In the records below, the relevant part opens with the line containing "Diesel demand dropped" and closes with the line containing "Chris Commons Wins"; print that part exactly and only, without its pictures.

DATA SUPPLIED –

== Segment start ==

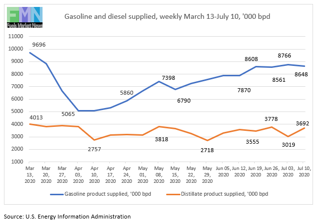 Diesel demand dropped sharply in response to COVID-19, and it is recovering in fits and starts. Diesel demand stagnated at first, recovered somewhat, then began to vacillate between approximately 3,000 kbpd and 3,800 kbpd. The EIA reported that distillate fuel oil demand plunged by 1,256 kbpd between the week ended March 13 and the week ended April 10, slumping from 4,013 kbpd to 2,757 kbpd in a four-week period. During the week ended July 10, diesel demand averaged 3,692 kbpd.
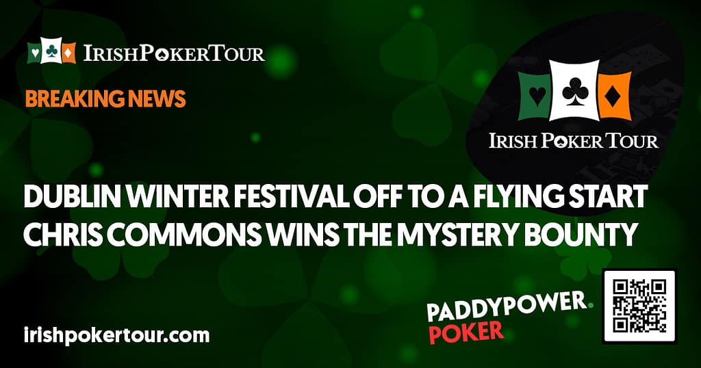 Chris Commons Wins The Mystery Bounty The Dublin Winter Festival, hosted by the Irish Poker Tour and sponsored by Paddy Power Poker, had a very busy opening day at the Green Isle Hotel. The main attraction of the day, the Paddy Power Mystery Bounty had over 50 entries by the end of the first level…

== Segment end ==
== Segment start ==

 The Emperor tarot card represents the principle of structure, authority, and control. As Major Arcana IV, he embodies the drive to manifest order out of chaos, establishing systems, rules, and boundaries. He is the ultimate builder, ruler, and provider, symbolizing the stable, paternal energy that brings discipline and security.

== Segment end ==

ANSWER SPACE –
 Diesel demand dropped sharply in response to COVID-19, and it is recovering in fits and starts. Diesel demand stagnated at first, recovered somewhat, then began to vacillate between approximately 3,000 kbpd and 3,800 kbpd. The EIA reported that distillate fuel oil demand plunged by 1,256 kbpd between the week ended March 13 and the week ended April 10, slumping from 4,013 kbpd to 2,757 kbpd in a four-week period. During the week ended July 10, diesel demand averaged 3,692 kbpd.
 Chris Commons Wins The Mystery Bounty The Dublin Winter Festival, hosted by the Irish Poker Tour and sponsored by Paddy Power Poker, had a very busy opening day at the Green Isle Hotel. The main attraction of the day, the Paddy Power Mystery Bounty had over 50 entries by the end of the first level…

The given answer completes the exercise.